Hacker News new | ask | show | jobs
by kherud 1007 days ago
Thank you for sharing! On a tangent: I'm wondering if there are any good open source models/libraries to reconstruct audio quality. I'm thinking about an end-to-end open source alternative to something like Adobe Podcast [1] to make noisy recordings sound professional. Anecdotally it's supposed to be very good. In a recent search, I haven't found anything convincing. In my naive view this tasks seems much simpler than audio generation and the demand far bigger, since not everyone has a professional audio setup ready at all times.

[1] https://podcast.adobe.com/

5 comments

We've been researching an audio denoiser for music that we will present at the AES conference in October. Description page: https://tape.it/denoising

We'll also publish a webapp where you can use the denoiser for free. Mail me if you want beta access to it (email in profile).

It won't be open-source though, although the paper will of course be public. It will also only reduce noise, and not reconstruct other aspects of audio quality. However, it can do so on any audio (in particular music), not just speech like Adobe Podcast, and it fully preserves the audio quality. It's designed exactly for the use case you want: to make noisy recordings sound professional.

Are you sure the demo sound files are correct on the website? Couldn't appreciate any glaringly obvious differences between the original and denoised with studio grade headphones here. Or, the originals aren't noisy enough.
denoising seems to fail in the guitar and vocals example
Can you clarify where it fails? It's designed to remove stationary noise only, and removes it very well in the guitar and vocals example.

Generally speaking, if you have other sounds that you don't want in the audio, we don't remove them - it's hard to decide from a musical point of view whether you want a certain sound or not. To give an extreme example: a barking dog probably doesn't belong into a Zoom conference, but it may very well belong into your audio recording. Removing such elements would be a creative decision.

The guitar and vocals example has certain clicks in the background that we don't remove - but the stationary noise is gone. Existing professional (and complex) audio restoration tools like iZotope RX don't remove those clicks, either. It's a conservative approach, sure, but in return you can throw any audio at it and it always improves it.

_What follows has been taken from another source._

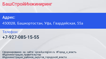 БашСтройИнжиниринг по адресу 450028, Башкортостан, Уфа, Гвардейская, 55а в дальнейшем Организация, размещена в следующих категориях:
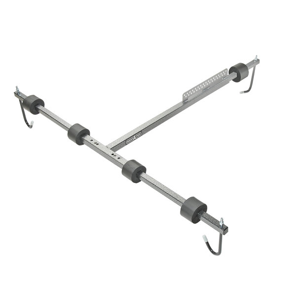 The Jeep Hoist-A-Top is a must have for Wrangler owners. The new Hoist-A-Top makes removing and storing a hardtop an easy, one -person job. The Hoist-A-Top supports any top with a well-balanced steel frame using the new Balance Blade™. Rubber coated hooks and foam-covered hardware will protect your top's finish. The Lange Hoist-A-Top uses an incredibly strong steel powder coated frame that quickly attaches to your vehicle top without any drilling. With the turn of a handle a cranking cable pulling mechanism mounted to your garage wall with the cable fed through an eye hook in your ceiling will lift your top to the ceiling in your garage or carport for convenient, out-of-the-way storage.

It’s not open but Nvidia has RTX Voice for free if you have and Nvidia card.

Only weird thing it’s designed to be used real time but I’ve had some luck on cleaning up voice recordings replayed back through it via audio routing.

There seems to have been a fork in the road:

On one side the tech for literal denoising has stagnated a bit. It’s a very hard problem to remove all noise while keeping things like transients.

On the other side, AI is being rapidly developed for it’s ability to denoise by recreating the recording, just without the noise.

In our denoiser (see other comment), we worked on combining these two forks. That’s how we can mathematically guarantee great audio quality.

This combination was non-trivial as training old school DSP denoisers is not easily possible. We’ll describe the math needed in our paper. We hope our publication will help the wider community work not just on denoising but also tasks like automatic mixing.

I have had a lot of success with this: https://ultimatevocalremover.com/ for de-noising
https://youtu.be/o-kJ4_CuWzA

This video from MKBHD's studio channel dives into this topic